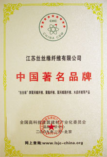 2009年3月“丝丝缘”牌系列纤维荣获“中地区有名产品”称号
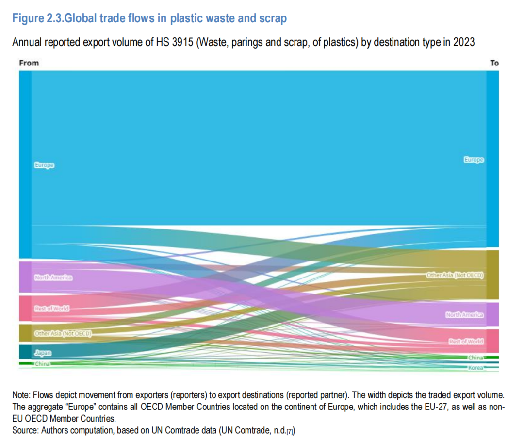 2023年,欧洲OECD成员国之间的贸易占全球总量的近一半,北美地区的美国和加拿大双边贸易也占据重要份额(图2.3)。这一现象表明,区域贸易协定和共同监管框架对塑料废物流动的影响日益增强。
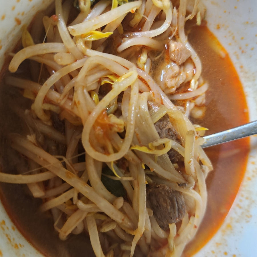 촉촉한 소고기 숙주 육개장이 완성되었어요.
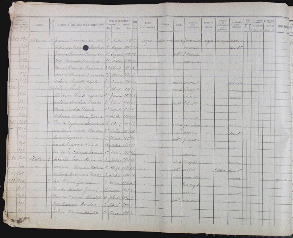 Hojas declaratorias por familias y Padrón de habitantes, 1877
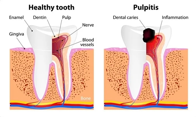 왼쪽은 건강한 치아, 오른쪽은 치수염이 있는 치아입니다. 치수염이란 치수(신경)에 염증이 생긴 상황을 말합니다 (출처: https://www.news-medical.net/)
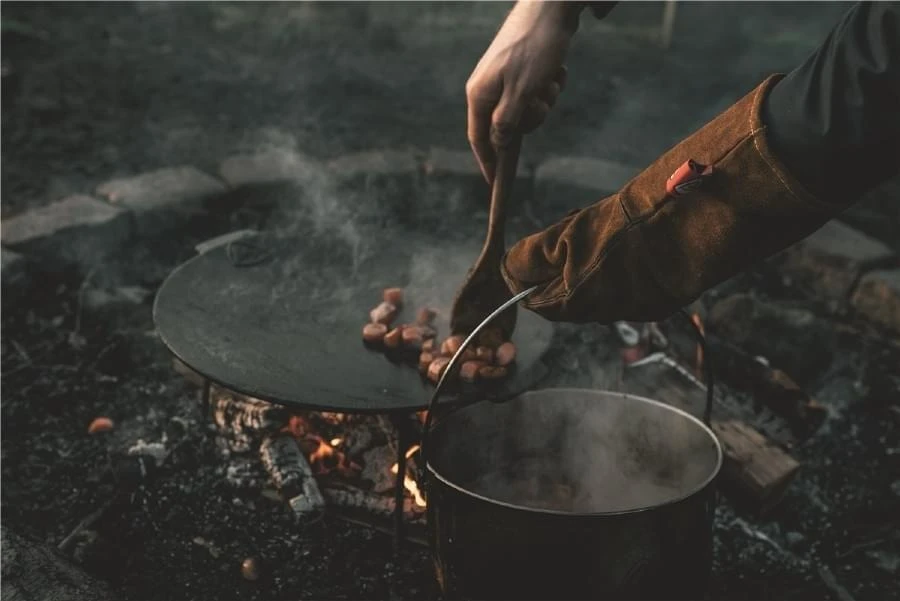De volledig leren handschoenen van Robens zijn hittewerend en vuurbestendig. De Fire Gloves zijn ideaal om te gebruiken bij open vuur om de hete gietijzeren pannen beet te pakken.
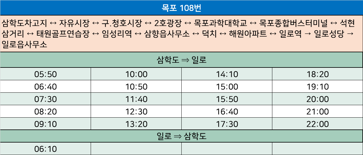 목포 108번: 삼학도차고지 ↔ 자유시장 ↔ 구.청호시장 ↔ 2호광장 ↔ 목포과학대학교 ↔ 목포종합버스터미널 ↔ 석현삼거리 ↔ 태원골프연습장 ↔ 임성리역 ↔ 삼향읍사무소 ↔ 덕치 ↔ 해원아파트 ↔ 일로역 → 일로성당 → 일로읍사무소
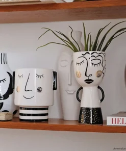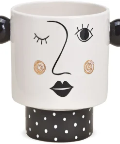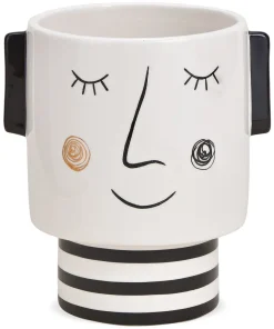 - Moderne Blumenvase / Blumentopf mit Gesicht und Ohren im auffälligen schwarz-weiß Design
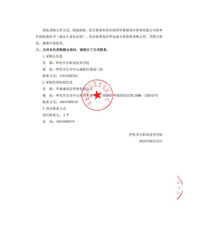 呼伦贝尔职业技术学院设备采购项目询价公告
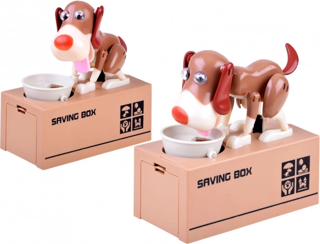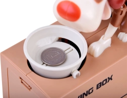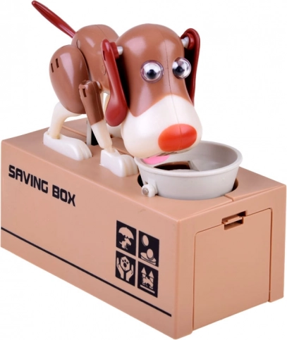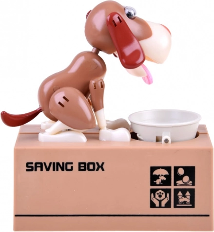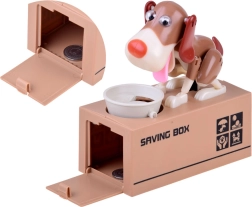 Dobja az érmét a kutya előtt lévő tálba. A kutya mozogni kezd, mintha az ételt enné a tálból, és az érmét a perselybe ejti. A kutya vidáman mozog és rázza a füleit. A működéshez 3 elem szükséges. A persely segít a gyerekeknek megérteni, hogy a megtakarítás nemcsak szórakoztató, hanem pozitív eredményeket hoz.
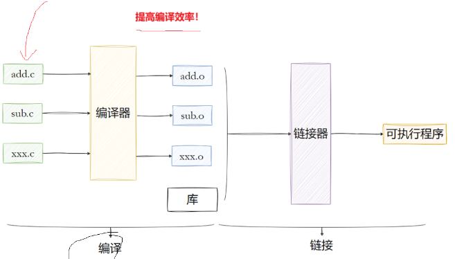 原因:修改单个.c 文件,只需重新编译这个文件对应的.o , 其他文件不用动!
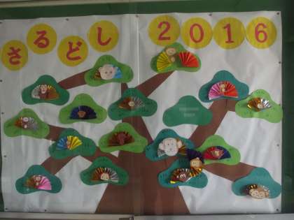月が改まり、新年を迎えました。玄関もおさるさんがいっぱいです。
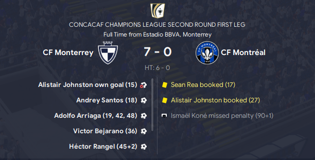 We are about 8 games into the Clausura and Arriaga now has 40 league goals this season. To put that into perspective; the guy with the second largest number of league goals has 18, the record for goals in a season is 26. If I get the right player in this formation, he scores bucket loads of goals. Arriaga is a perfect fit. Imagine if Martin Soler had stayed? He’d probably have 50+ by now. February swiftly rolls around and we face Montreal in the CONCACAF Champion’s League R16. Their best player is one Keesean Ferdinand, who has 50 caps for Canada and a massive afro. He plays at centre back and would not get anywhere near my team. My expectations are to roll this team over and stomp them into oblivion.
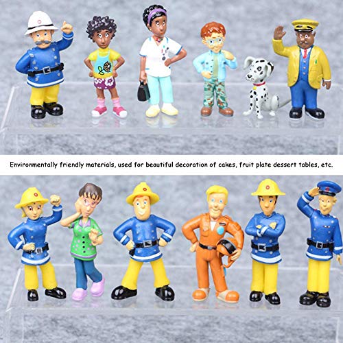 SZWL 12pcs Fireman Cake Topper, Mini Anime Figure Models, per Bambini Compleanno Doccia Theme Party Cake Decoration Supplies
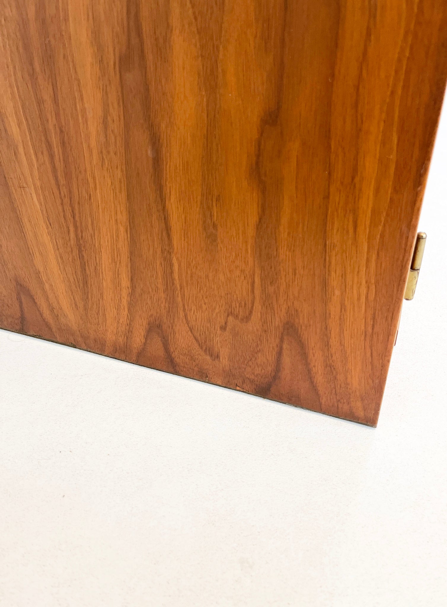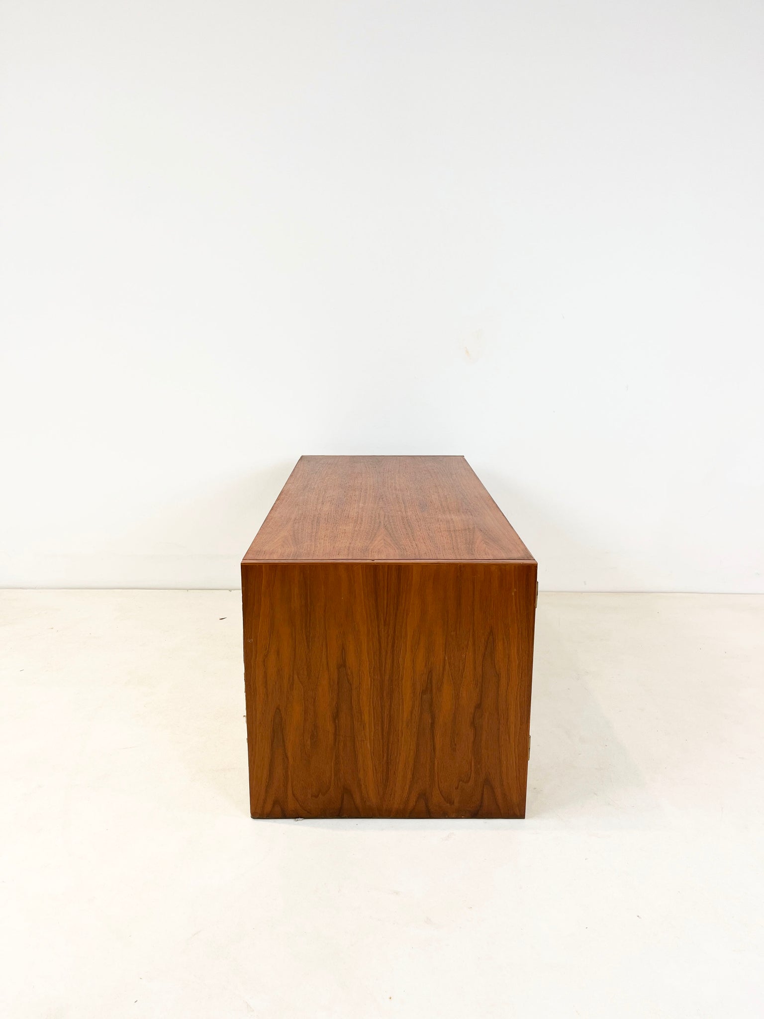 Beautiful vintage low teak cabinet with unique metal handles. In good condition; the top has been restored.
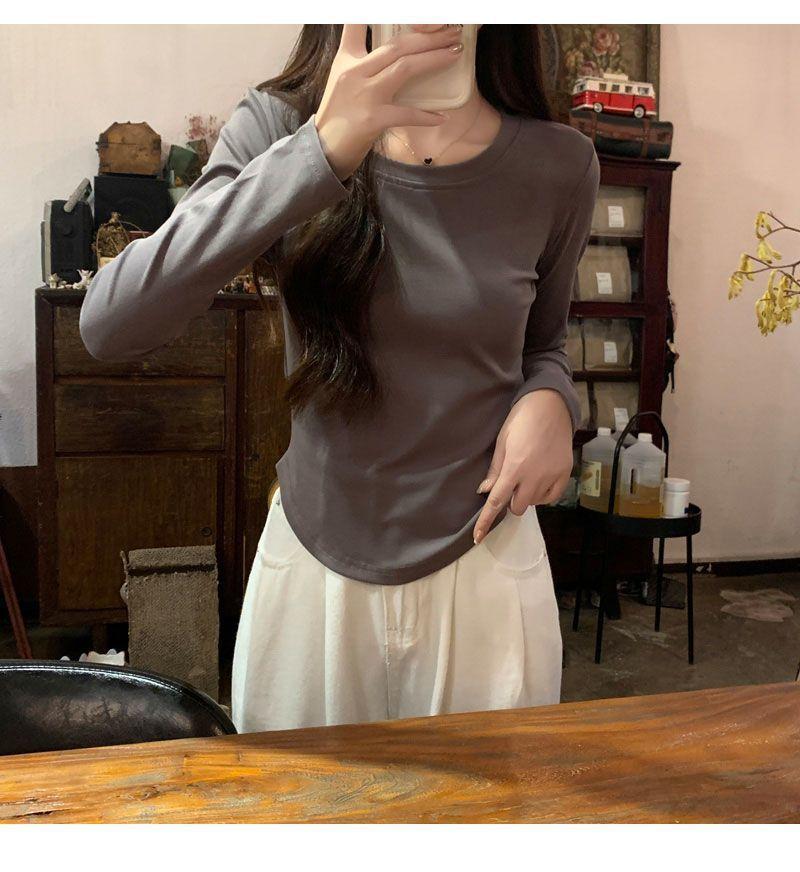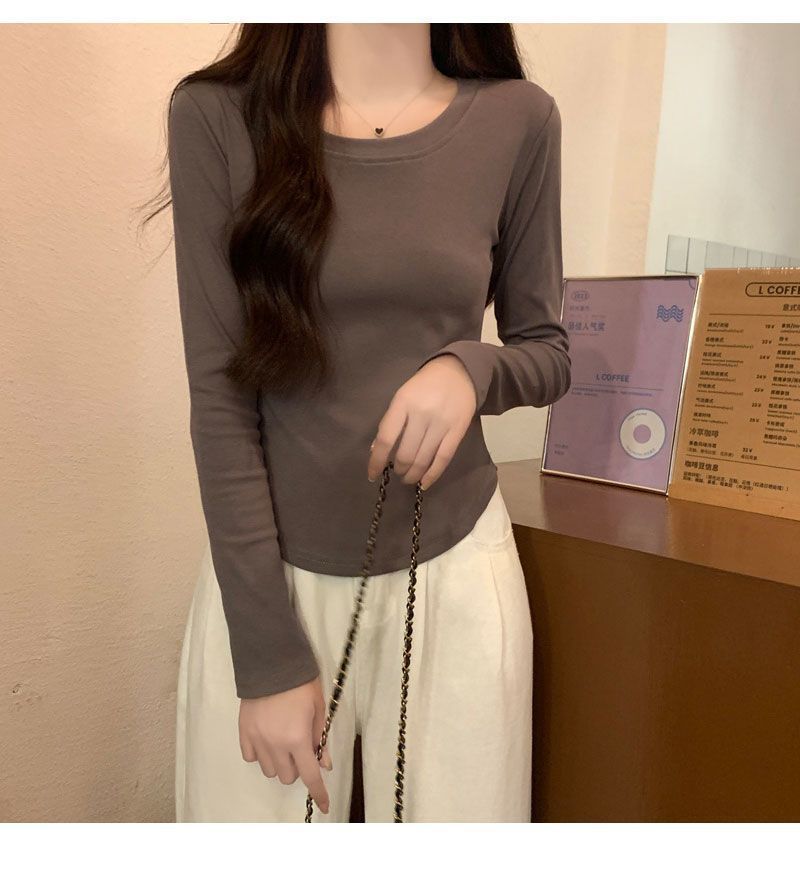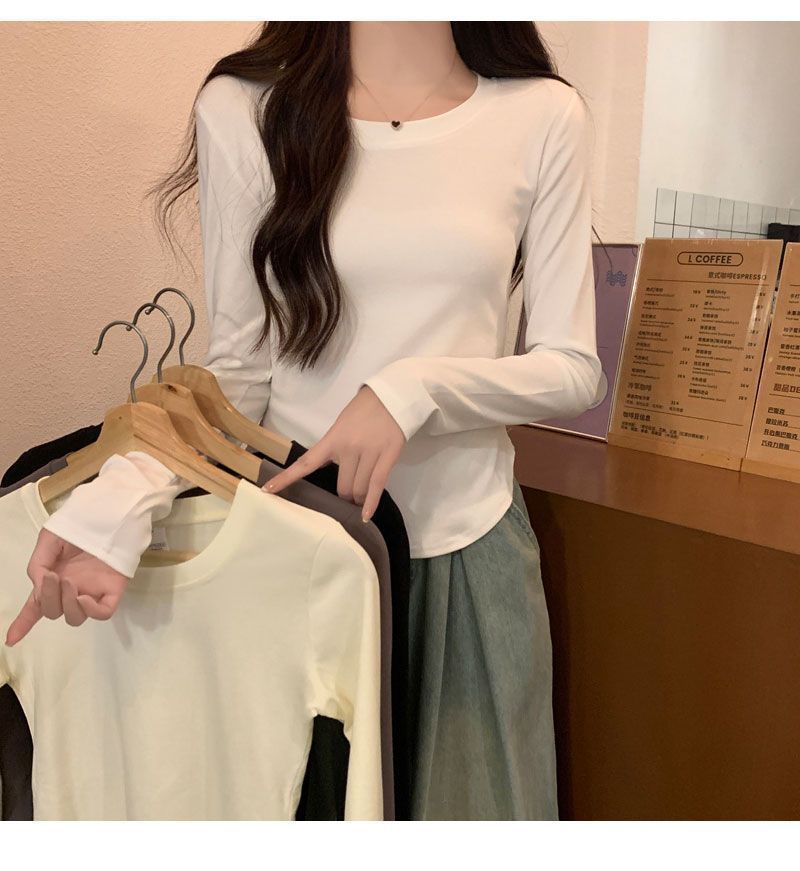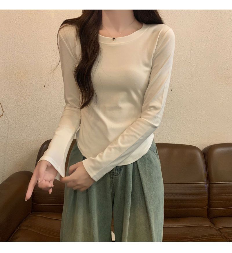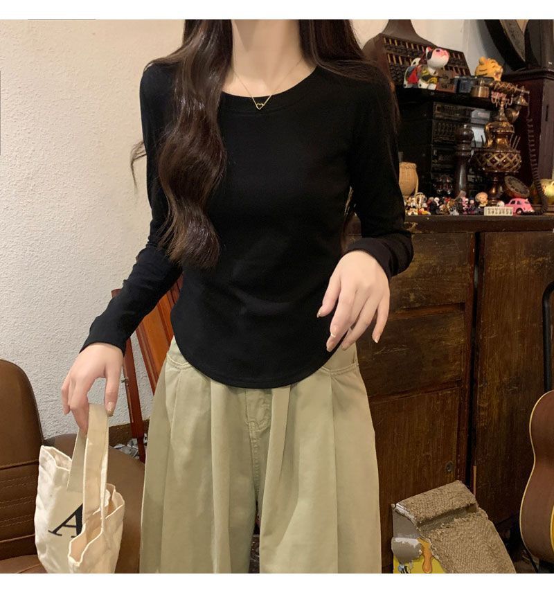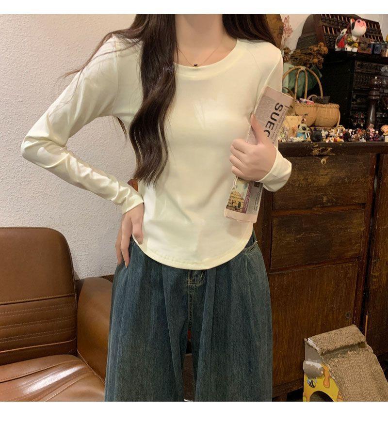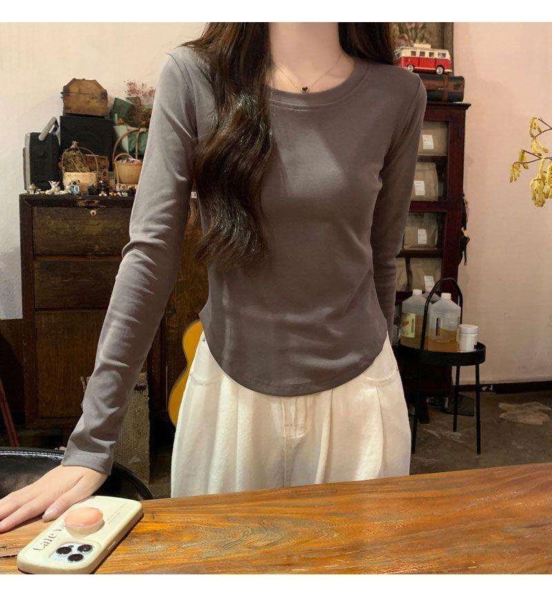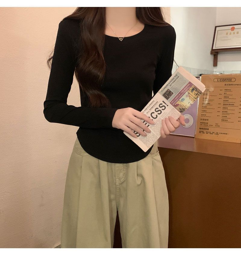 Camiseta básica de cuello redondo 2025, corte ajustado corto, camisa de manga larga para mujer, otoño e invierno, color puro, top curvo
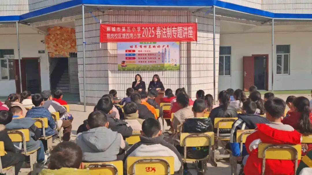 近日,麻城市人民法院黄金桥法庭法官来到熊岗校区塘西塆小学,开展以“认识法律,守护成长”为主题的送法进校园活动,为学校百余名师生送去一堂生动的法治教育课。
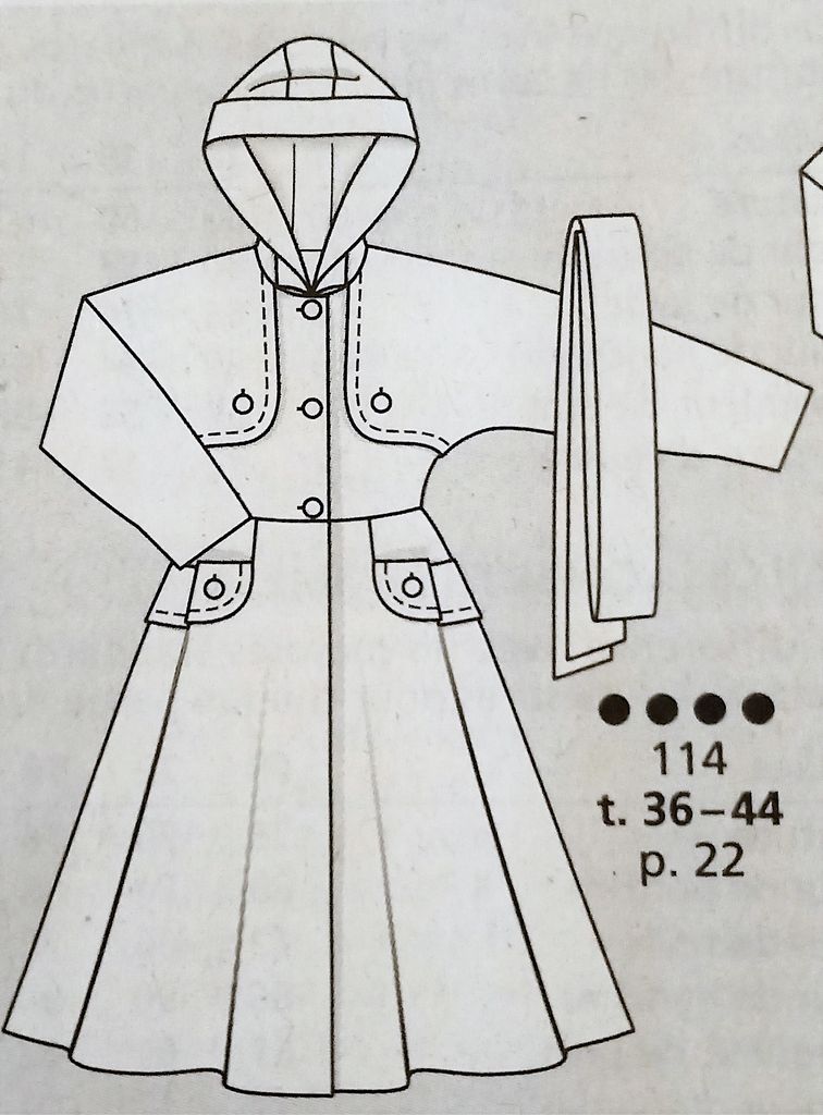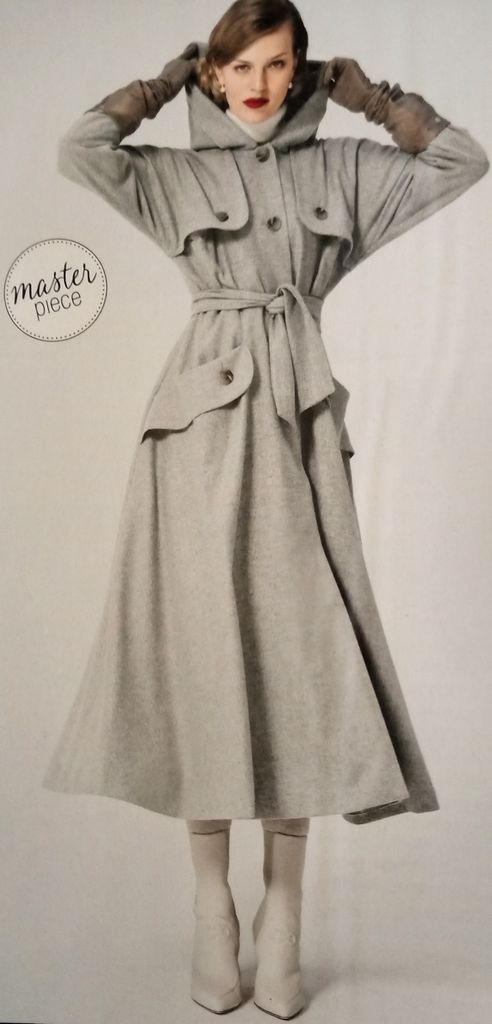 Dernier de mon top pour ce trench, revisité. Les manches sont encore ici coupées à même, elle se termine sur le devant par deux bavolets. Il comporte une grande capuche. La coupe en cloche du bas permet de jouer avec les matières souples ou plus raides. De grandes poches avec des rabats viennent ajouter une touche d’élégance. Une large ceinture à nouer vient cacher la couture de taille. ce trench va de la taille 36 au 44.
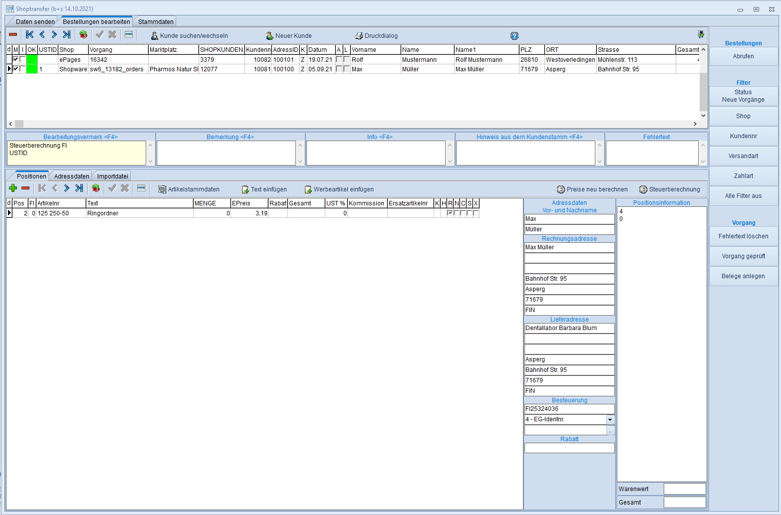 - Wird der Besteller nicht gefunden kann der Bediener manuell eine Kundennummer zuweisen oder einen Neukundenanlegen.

__Exercise instructions__
Nothing but the lines above, starting at the line that contains "Hojas declaratorias por" and ending at the line that contains "목포 108번: 삼학도차고지", should be given again, exactly and without the pictures.

__Response below__
 Hojas declaratorias por familias y Padrón de habitantes, 1877
 왼쪽은 건강한 치아, 오른쪽은 치수염이 있는 치아입니다. 치수염이란 치수(신경)에 염증이 생긴 상황을 말합니다 (출처: https://www.news-medical.net/)
De volledig leren handschoenen van Robens zijn hittewerend en vuurbestendig. De Fire Gloves zijn ideaal om te gebruiken bij open vuur om de hete gietijzeren pannen beet te pakken.
 목포 108번: 삼학도차고지 ↔ 자유시장 ↔ 구.청호시장 ↔ 2호광장 ↔ 목포과학대학교 ↔ 목포종합버스터미널 ↔ 석현삼거리 ↔ 태원골프연습장 ↔ 임성리역 ↔ 삼향읍사무소 ↔ 덕치 ↔ 해원아파트 ↔ 일로역 → 일로성당 → 일로읍사무소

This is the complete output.